My wife and a friend recently found this item while excavating a basement site. The marking on the side of the glass is the Hazel Atlas Glass "HA" logo. The strip between the two glass jars/bulbs is copper. The glass is pretty much opaque but when held up to a light box it doesn't appear that there's anything inside the glass (e.g., filaments or anything). Can anyone help identify this item? Thanks for any assistance....


----------



## MDShunk (Jan 7, 2007)

Hazel Atlas made jars for so many things in the depression era, but I don't think that one has anything to do with lighting. It may be a piece of laboratory equipment.


----------



## MDShunk (Jan 7, 2007)

Post your question at www.antiquesockets.com If it has anything to do with lighting, they'll know.


----------



## racerjim0 (Aug 10, 2008)

Float for a sump pump---maybe


----------



## dmxtothemax (Jun 15, 2010)

Could it be part of a high voltage fuse ?
Like the ones used up on power poles.


----------



## RePhase277 (Feb 5, 2008)

If I caught my friend excavating my wife's "basement", that would be the thing I bludgeoned them to death with:laughing:


----------



## tufts46argled (Dec 23, 2007)

My first thought was some type of mercury switch!


----------



## erics37 (May 7, 2009)

Looks like a 1930s dual butt plug.


----------



## MDShunk (Jan 7, 2007)

erics37 said:


> Looks like a 1930s dual butt plug.


Doubtful, but I'm no authority. We'll have to ask someone who was alive back then. 

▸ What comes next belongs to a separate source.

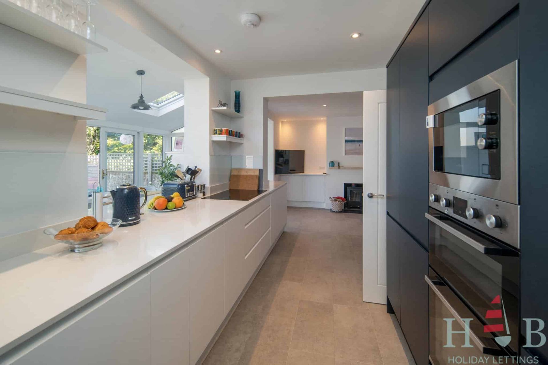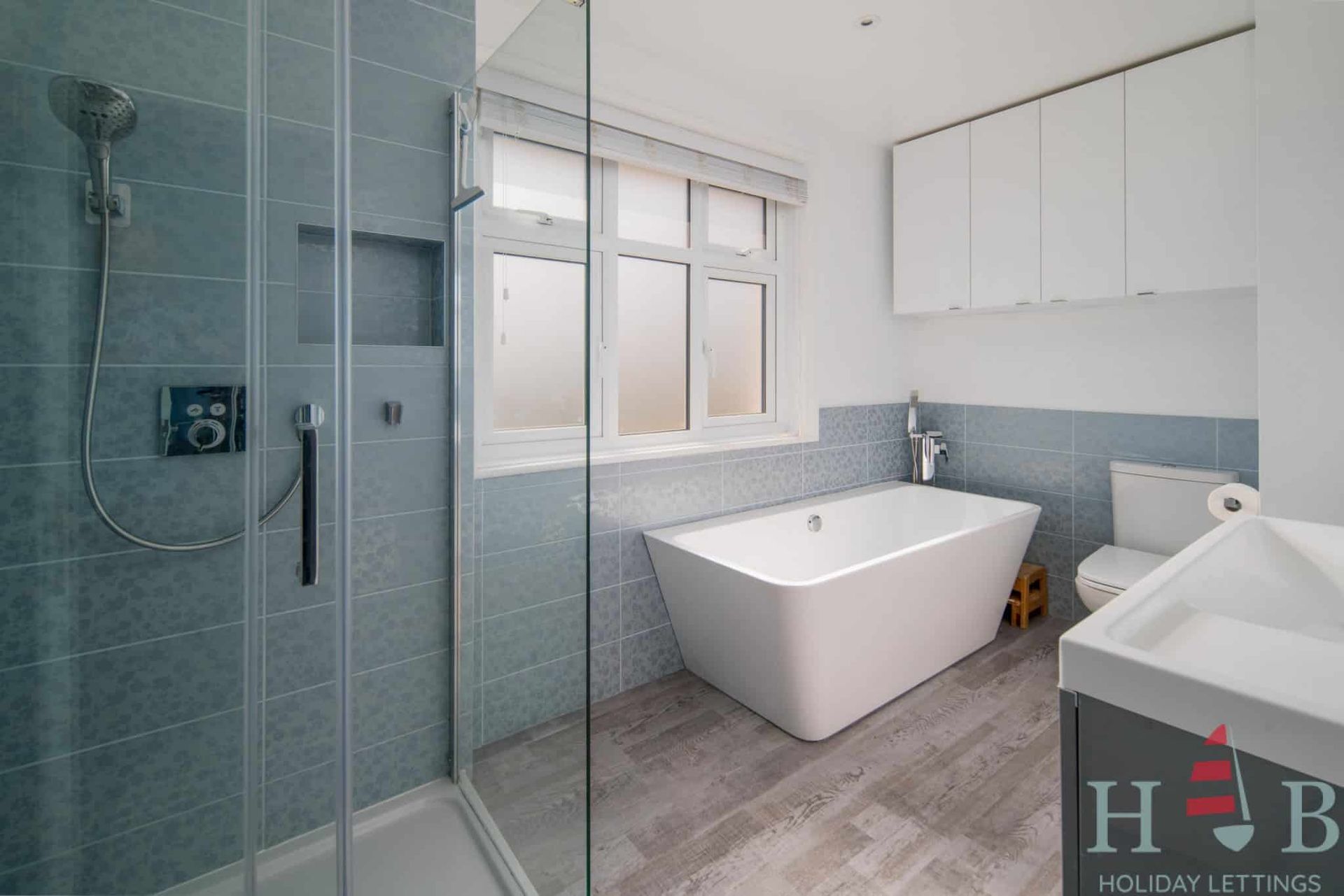 Number One Bembridge House features a luxurious downstairs en suite bedroom, complete with sliding doors that open up to the tranquil garden. It’s the perfect space to unwind, enjoy some privacy, and connect with nature. For families, the house offers two additional king-size bedrooms, ensuring everyone has plenty of room to relax and feel at home.

Joe Tedesco, can you confirm or deny if this is a dual butt plug?


----------



## BBQ (Nov 16, 2010)

MDShunk said:


> Doubtful, but I'm no authority. We'll have to ask someone who was alive back then.
> 
> Joe Tedesco, can you confirm or deny if this is a dual butt plug?



Damn near choked on my coffee ... :laughing:


----------



## HARRY304E (Sep 15, 2010)

MDShunk said:


> Doubtful, but I'm no authority. We'll have to ask someone who was alive back then.
> 
> Joe Tedesco, can you confirm or deny if this is a dual butt plug?


Good one....:laughing::laughing:


----------



## Wirenuting (Sep 12, 2010)

erics37 said:


> Looks like a 1930s dual butt plug.


I wasn't going to be the one to say that,,, But,, it looks like what a Dr used back then to treat female histeria.


----------